Das Hauptgebäude der Fakultät für Technische Wissenschaften am Campus Technik wird derzeit saniert. Die Forscherinnen und Forscher sind deshalb vor kurzem in das Containergelände am Campus gezogen, das auch schon Innsbrucker Gymnasien als Ausweichquartier für eine Generalsanierung gedient hatte. Für Univ.-Prof.  Michael Flach, Leiter des Arbeitsbereichs für Holzbau, ideale Voraussetzung für einen wissenschaftlichen Feldversuch: Auf dem Containergelände wurden zwei neue Doppelcontainer in Holzbauweise errichtet. „Zeitgleich mit der Umsiedelung der Fakultät in das Containerdorf untersuchen wir im Forschungsprojekt BIGCONAIR die Raumluftqualität in Containerbauten“, erklärt Michael Flach. Die Raumluft-Messungen werden über zwei Jahre regelmäßig erfolgen und die Luftqualität in herkömmlichen Stahlcontainern mit jener in den neuen Holzcontainern verglichen. Das Projekt wurde vergangene Woche auf einer Pressekonferenz vorgestellt.

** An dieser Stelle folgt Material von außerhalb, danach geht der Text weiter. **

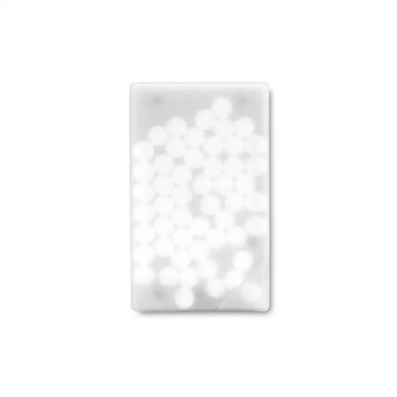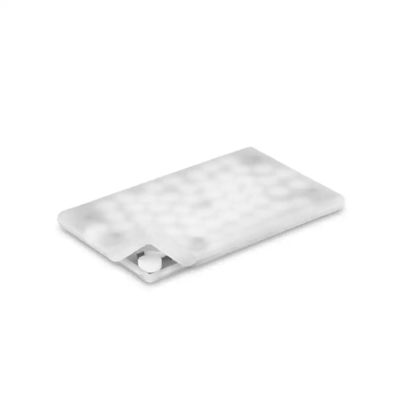 Компактен диспенсър за ментови бонбони с тънък дизайн във формата на кредитна карта, удобен за носене навсякъде.
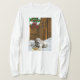 Linda arte de Natal de Goldendoodle. O filhote de Goldendoodle espera na varanda coberta de neve para que Papais noeis cheguem, guardando cookies de Papais noeis. Presentes de Natal maravilhosos, cartões de Natal, postagem, roupa e muito mais.
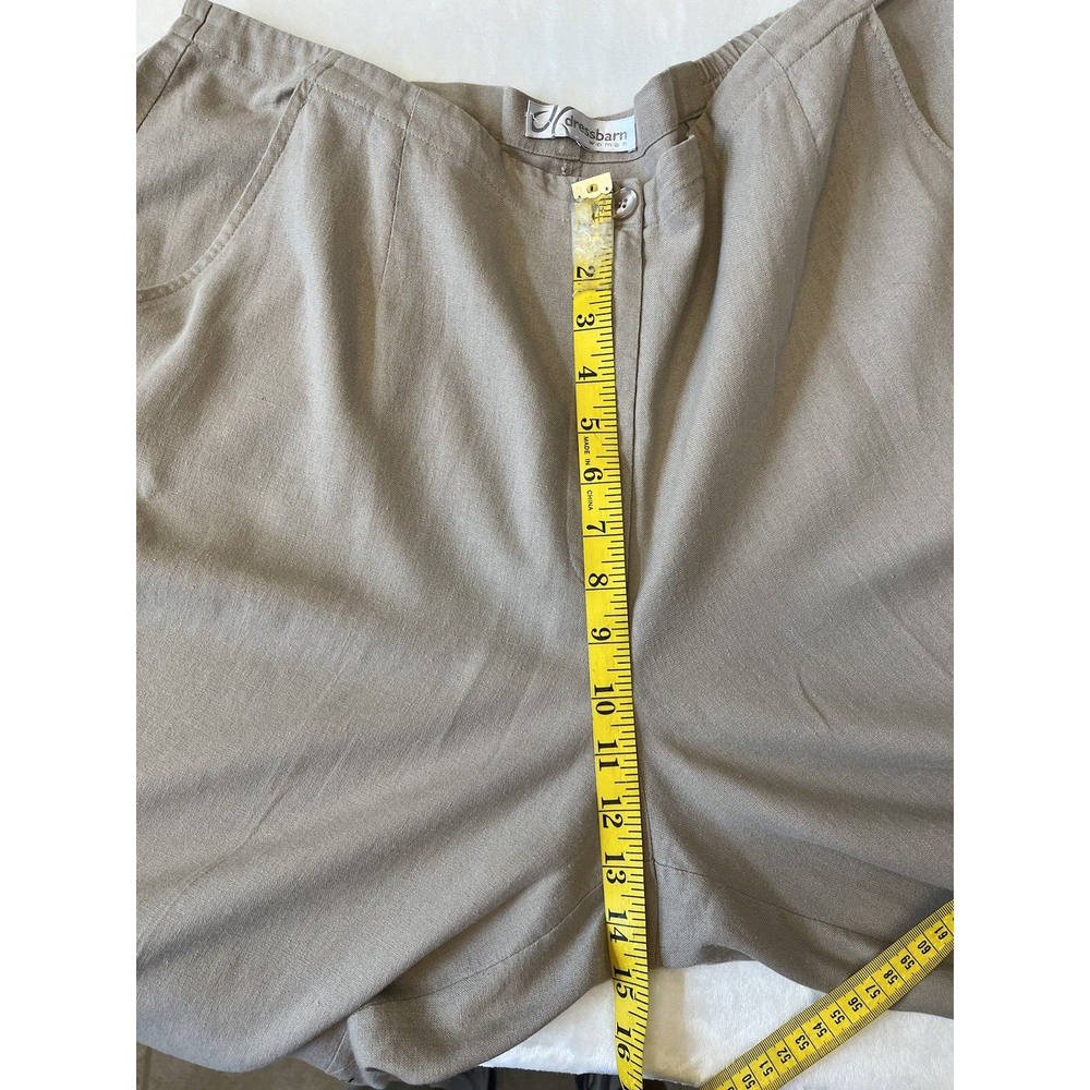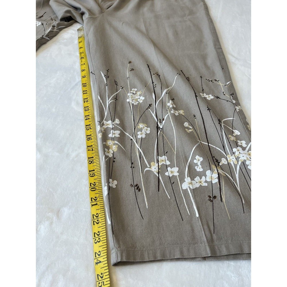 Elevate your wardrobe with these stylish Dressbarn women's khaki linen blend pants. These pants feature a beautiful floral design, a flat front, and a high rise for a flattering fit. The pull-on closure ensures comfort and ease of wear, while the cropped style with a 24.5 inch inseam and embroidered accents give these pants a chic and trendy look. Made from a blend of rayon and linen, these pants are perfect for summer, fall, and spring. With no mention of the item's condition, you can be assured that these pants are in great shape and ready to be added to your collection. Don't miss out on the opportunity to add these versatile and stylish pants to your wardrobe today.
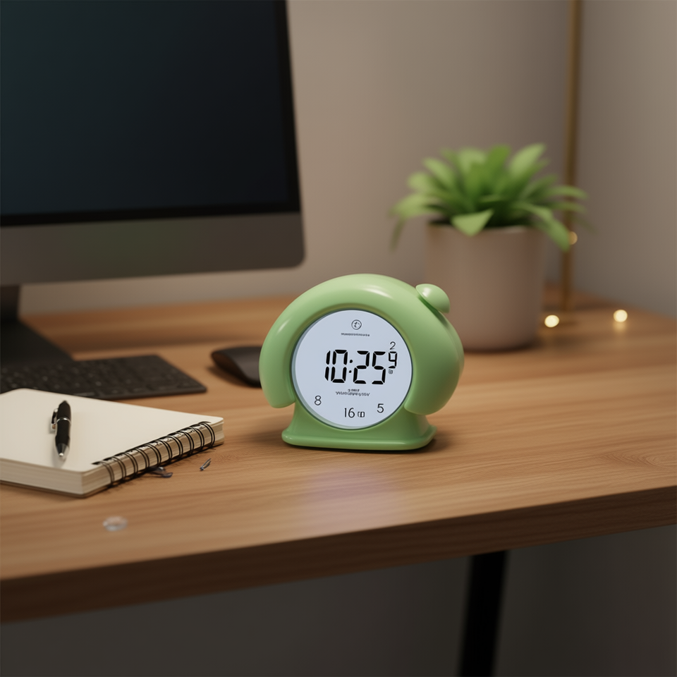 Réveil numérique portable à LED avec rétroéclairage pour le bureau et les voyages, fonctionne sur piles, design ovale moderne en plastique, mouvement à quartz
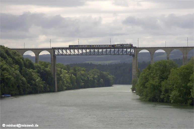 Beginnen möchte ich die Galerie mit einer Aufnahme der Eglisauer Brücke, die gerade vom Pendelzug Bülach - Schaffhausen passiert wird (29.05.2002).
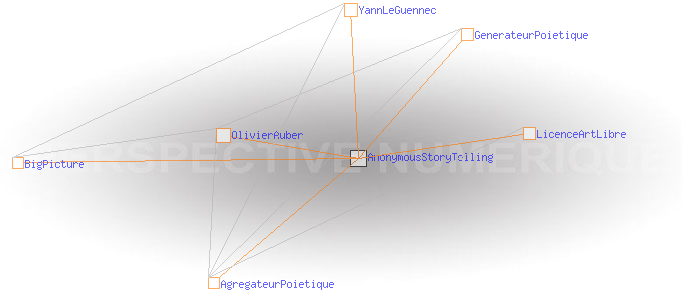 Anonymous StorytellingSome examples, between art and politicsQuelques exemples, entre art et activisme politique. ![]() Source : RWW / Anonymous (2011) Source : Banana République (2008) Copyleft 2005 YannLeGuennec, oeuvre dérivée du Générateur Poïétique 1986-2005 OlivierAuber (LicenceArtLibre?) Source : BIGPICTURE (2006) Agrégateur poïétique by YannLeGuennec 2004 ![]() Source : Générateur Poétique (1986-2011)
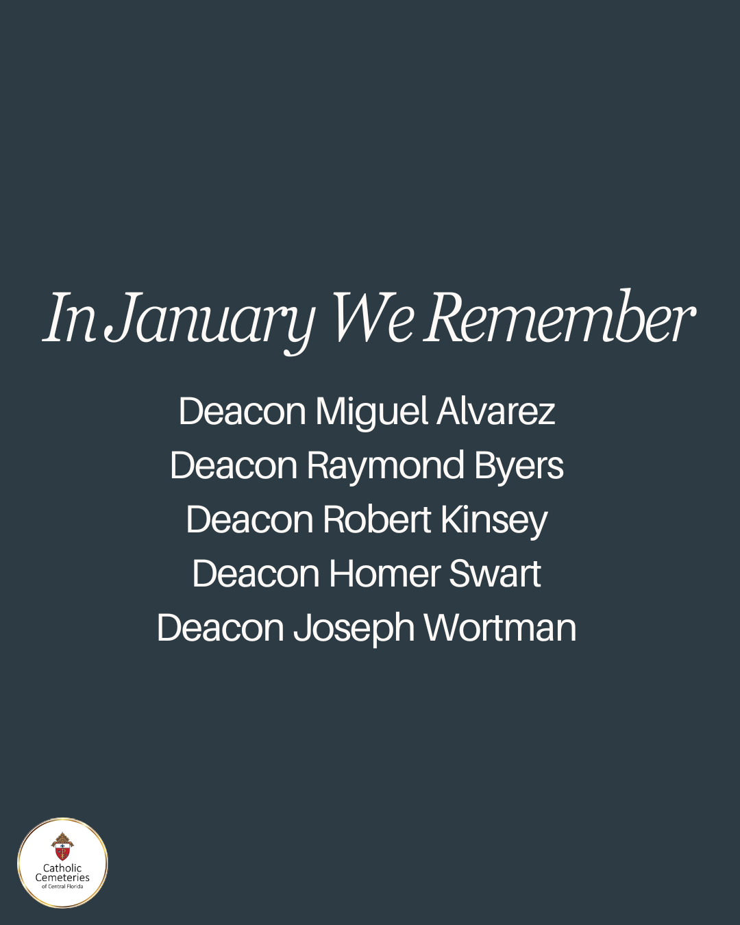 We invite you to join us for the monthly Mass of Remembrance for deceased Priests and Deacons of the Diocese of Orlando.

Gesundheit als Wirtschaftsfaktor

„Die bestehenden Stahlcontainerbauten sind, als sie von Innsbrucker Gymnasien genutzt wurden, immer wieder in das Kreuzfeuer der Kritik geraten, weil die Anzahl von Krankheitsfällen sprunghaft angestiegen war und sich Schüler und Lehrer über Konzentrationsschwächen beklagten“, berichtet LH-Stv. ÖR Anton Steixner und fährt fort: „Wenn es uns mit unserem nachwachsenden heimischen Rohstoff Holz gelingt, einen Beitrag für die Errichtung gesunder Infrastruktur zu leisten, so haben wir ein wesentliches gesellschaftspolitisches Ziel erreicht“. Die Raumluftqualität in Büroräumen wirkt sich nicht nur entscheidend auf die Gesundheit, sondern auch auf das subjektive Wohlbefinden und die Arbeitseffizienz von Mitarbeiterinnen und Mitarbeitern aus. Nicht zuletzt deshalb ist das Thema Gesundheit in Innenräumen ein relevanter Wirtschaftsfaktor. DI Rüdiger Lex, Geschäftsführer von proHolz Tirol (der Verein unterstützt den Holzbaulehrstuhl seit 2002), verweist in dem Zusammenhang auf zahlreiche Untersuchungen, die Innenräumen aus Holz, speziell solchen aus Zirbe, überaus günstige Auswirkungen auf den menschlichen Organismus attestieren.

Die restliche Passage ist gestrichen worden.